• Source data:
══════════

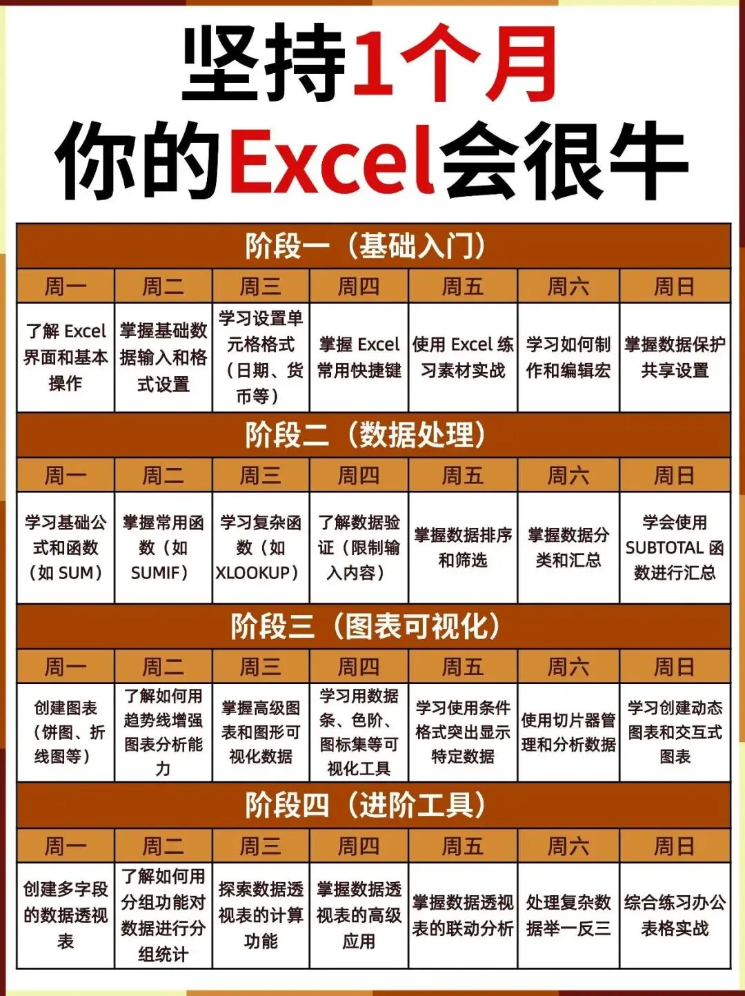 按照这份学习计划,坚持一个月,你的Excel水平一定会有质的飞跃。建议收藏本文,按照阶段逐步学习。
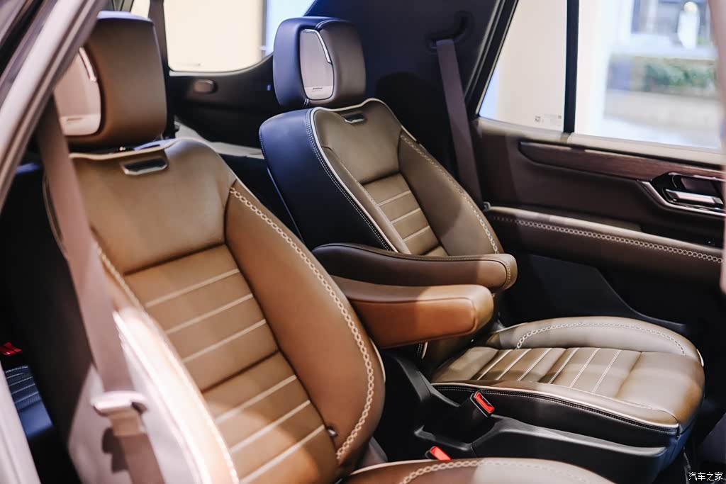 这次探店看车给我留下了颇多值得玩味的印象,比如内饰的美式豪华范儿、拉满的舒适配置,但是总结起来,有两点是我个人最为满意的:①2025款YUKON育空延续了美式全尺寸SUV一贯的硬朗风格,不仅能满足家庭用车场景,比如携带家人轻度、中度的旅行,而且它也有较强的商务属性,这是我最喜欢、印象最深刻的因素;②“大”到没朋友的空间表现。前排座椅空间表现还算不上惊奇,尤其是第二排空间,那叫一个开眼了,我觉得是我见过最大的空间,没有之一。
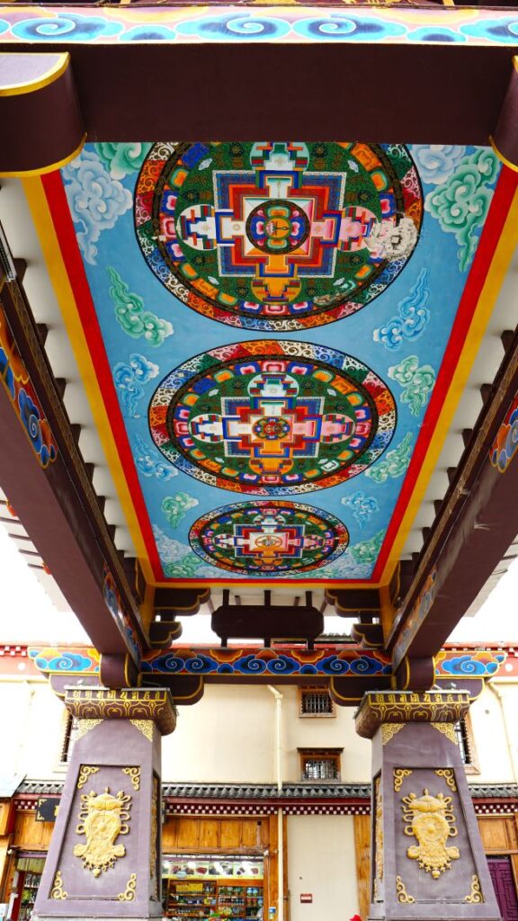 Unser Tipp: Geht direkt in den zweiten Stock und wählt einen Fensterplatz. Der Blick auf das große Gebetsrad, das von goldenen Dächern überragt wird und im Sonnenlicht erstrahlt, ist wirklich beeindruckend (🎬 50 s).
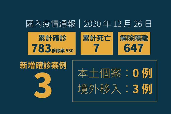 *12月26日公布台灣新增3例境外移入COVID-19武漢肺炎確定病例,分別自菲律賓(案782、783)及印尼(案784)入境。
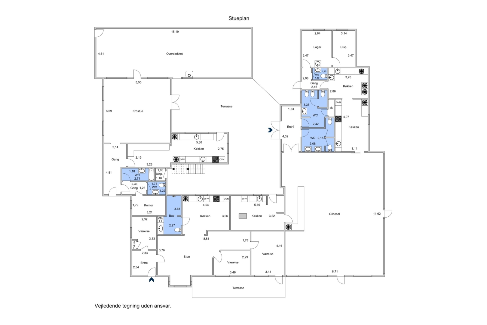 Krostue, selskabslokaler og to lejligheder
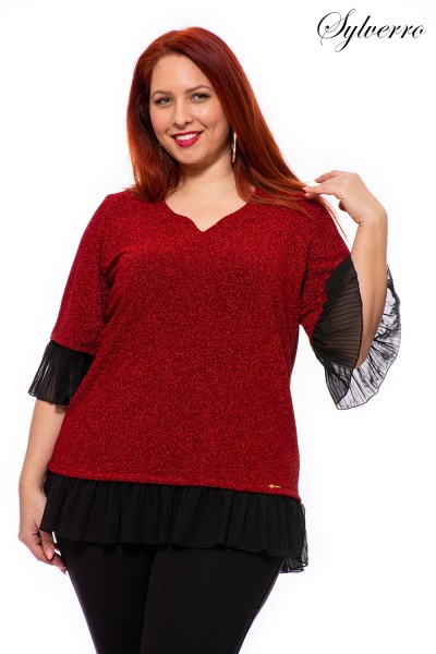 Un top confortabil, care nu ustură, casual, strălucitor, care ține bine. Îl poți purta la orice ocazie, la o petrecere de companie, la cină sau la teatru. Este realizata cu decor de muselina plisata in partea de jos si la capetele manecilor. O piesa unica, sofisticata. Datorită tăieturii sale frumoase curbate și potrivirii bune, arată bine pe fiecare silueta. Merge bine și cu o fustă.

══════════

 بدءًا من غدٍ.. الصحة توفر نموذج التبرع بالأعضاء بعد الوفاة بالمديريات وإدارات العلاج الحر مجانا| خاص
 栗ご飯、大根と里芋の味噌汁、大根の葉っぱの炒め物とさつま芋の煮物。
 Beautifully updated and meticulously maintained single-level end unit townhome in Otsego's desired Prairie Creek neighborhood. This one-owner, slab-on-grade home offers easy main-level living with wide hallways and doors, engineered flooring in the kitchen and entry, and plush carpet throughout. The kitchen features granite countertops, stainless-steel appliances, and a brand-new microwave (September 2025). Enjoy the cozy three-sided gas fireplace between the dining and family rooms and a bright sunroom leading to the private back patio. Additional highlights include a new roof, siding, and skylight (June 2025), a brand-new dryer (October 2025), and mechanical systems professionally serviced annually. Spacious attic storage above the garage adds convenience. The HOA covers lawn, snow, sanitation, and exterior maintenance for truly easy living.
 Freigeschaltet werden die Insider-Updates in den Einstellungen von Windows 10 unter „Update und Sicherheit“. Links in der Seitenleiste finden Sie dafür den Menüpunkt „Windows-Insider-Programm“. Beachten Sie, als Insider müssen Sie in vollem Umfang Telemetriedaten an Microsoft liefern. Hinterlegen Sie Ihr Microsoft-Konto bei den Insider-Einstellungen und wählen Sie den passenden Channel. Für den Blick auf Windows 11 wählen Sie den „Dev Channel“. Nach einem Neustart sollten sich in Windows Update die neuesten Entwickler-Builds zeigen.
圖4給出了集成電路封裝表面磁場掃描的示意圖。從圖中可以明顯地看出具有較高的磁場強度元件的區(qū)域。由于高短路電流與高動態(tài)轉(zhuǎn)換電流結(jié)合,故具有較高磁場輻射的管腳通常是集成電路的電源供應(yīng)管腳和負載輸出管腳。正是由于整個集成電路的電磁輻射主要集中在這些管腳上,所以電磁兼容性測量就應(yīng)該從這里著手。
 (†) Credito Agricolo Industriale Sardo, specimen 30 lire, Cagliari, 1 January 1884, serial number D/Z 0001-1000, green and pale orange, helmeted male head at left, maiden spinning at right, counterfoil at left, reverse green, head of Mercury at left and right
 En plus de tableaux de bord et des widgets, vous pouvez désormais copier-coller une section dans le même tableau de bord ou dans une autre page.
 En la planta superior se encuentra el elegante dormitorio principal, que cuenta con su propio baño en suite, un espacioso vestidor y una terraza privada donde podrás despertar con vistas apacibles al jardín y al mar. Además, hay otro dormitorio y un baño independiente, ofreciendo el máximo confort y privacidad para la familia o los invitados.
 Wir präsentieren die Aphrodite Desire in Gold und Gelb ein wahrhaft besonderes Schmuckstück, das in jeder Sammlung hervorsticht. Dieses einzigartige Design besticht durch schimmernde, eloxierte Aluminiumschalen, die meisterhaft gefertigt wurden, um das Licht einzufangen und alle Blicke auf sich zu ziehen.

══════════

• Task to carry out: Copy only what lies between the line with "Krostue, selskabslokaler og to lejligheder" and the line with "Un top confortabil, care", those two lines included, exactly as given above; pictures stay out.

• Answer below:
 Krostue, selskabslokaler og to lejligheder
 Un top confortabil, care nu ustură, casual, strălucitor, care ține bine. Îl poți purta la orice ocazie, la o petrecere de companie, la cină sau la teatru. Este realizata cu decor de muselina plisata in partea de jos si la capetele manecilor. O piesa unica, sofisticata. Datorită tăieturii sale frumoase curbate și potrivirii bune, arată bine pe fiecare silueta. Merge bine și cu o fustă.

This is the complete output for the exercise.